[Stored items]
┌────────

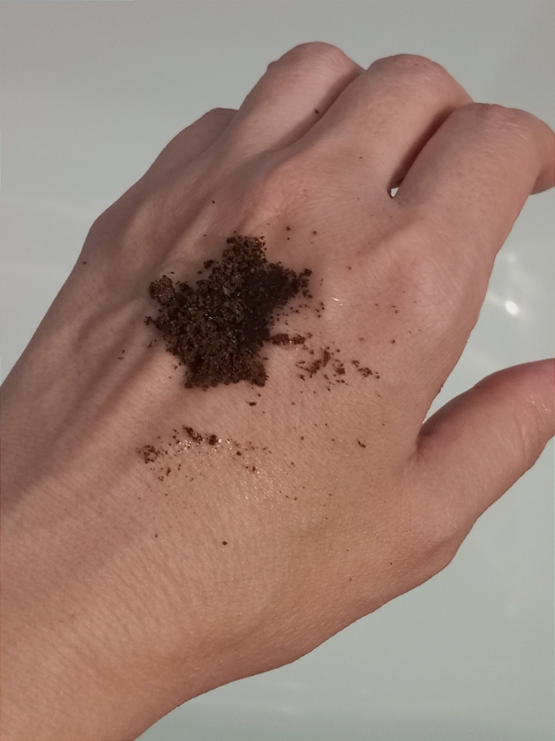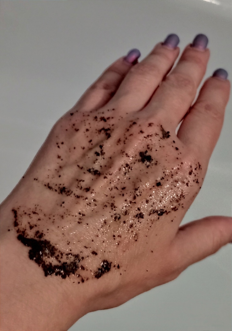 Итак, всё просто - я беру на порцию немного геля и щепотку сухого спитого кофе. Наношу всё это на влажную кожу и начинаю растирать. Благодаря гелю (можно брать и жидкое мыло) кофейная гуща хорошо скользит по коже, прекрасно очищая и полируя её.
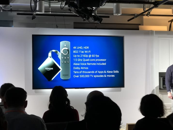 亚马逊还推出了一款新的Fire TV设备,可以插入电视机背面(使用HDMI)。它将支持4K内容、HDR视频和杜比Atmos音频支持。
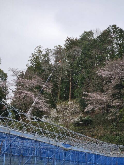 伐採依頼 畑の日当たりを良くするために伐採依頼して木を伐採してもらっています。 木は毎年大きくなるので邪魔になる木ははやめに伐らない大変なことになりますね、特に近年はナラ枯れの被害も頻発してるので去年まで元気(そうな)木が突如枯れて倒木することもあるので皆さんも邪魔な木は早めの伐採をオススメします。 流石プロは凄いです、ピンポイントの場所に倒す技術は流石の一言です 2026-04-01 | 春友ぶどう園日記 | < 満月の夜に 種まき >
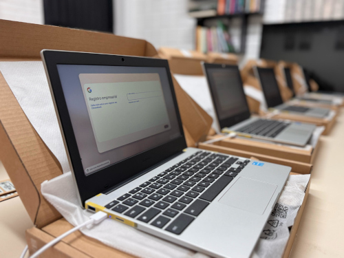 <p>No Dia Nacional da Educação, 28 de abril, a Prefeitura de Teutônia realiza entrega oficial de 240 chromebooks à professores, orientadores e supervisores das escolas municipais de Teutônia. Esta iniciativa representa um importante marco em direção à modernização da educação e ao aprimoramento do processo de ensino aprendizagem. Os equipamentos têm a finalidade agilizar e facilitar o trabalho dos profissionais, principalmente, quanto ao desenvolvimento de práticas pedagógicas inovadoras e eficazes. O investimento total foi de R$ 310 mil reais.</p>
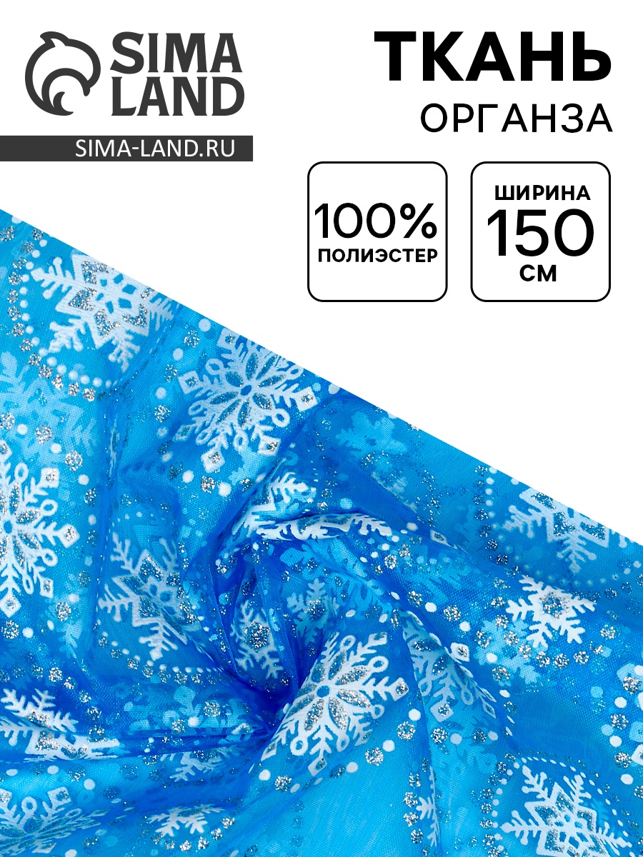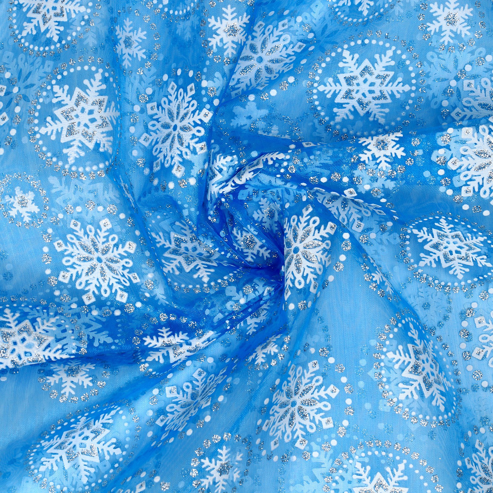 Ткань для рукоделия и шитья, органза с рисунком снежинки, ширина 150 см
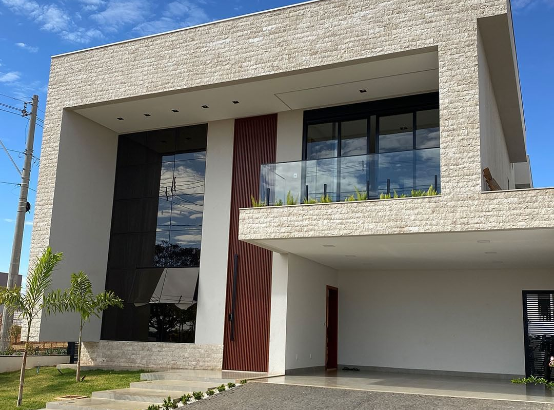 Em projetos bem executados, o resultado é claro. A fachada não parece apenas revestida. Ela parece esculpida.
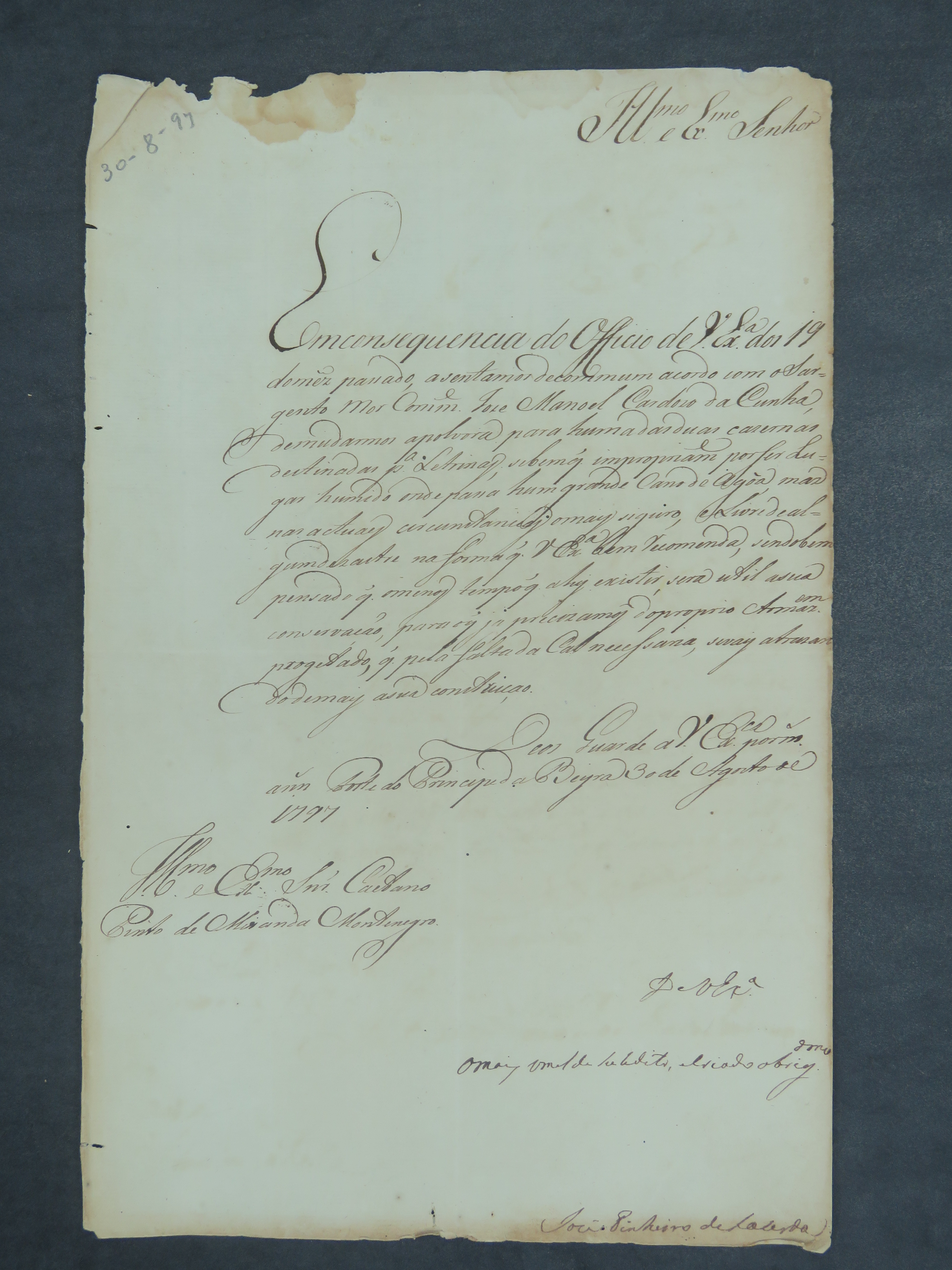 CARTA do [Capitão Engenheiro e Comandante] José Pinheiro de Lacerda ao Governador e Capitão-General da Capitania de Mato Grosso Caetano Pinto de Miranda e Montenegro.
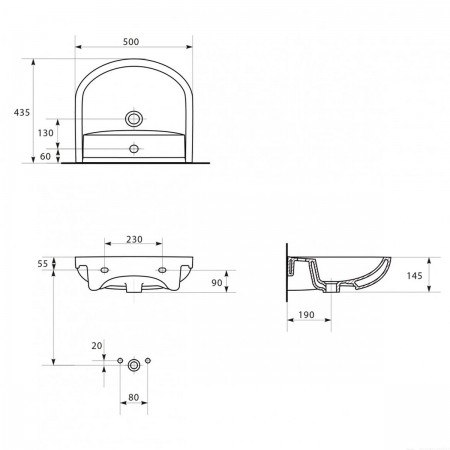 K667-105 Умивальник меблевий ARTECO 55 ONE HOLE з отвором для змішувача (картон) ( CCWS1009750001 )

└────────

■ Work required
Exactly what appears in the records above must be returned, apart from the pictures.

■ Written solution
 Итак, всё просто - я беру на порцию немного геля и щепотку сухого спитого кофе. Наношу всё это на влажную кожу и начинаю растирать. Благодаря гелю (можно брать и жидкое мыло) кофейная гуща хорошо скользит по коже, прекрасно очищая и полируя её.
 亚马逊还推出了一款新的Fire TV设备,可以插入电视机背面(使用HDMI)。它将支持4K内容、HDR视频和杜比Atmos音频支持。
 伐採依頼 畑の日当たりを良くするために伐採依頼して木を伐採してもらっています。 木は毎年大きくなるので邪魔になる木ははやめに伐らない大変なことになりますね、特に近年はナラ枯れの被害も頻発してるので去年まで元気(そうな)木が突如枯れて倒木することもあるので皆さんも邪魔な木は早めの伐採をオススメします。 流石プロは凄いです、ピンポイントの場所に倒す技術は流石の一言です 2026-04-01 | 春友ぶどう園日記 | < 満月の夜に 種まき >
 <p>No Dia Nacional da Educação, 28 de abril, a Prefeitura de Teutônia realiza entrega oficial de 240 chromebooks à professores, orientadores e supervisores das escolas municipais de Teutônia. Esta iniciativa representa um importante marco em direção à modernização da educação e ao aprimoramento do processo de ensino aprendizagem. Os equipamentos têm a finalidade agilizar e facilitar o trabalho dos profissionais, principalmente, quanto ao desenvolvimento de práticas pedagógicas inovadoras e eficazes. O investimento total foi de R$ 310 mil reais.</p>
 Ткань для рукоделия и шитья, органза с рисунком снежинки, ширина 150 см
 Em projetos bem executados, o resultado é claro. A fachada não parece apenas revestida. Ela parece esculpida.
 CARTA do [Capitão Engenheiro e Comandante] José Pinheiro de Lacerda ao Governador e Capitão-General da Capitania de Mato Grosso Caetano Pinto de Miranda e Montenegro.
 K667-105 Умивальник меблевий ARTECO 55 ONE HOLE з отвором для змішувача (картон) ( CCWS1009750001 )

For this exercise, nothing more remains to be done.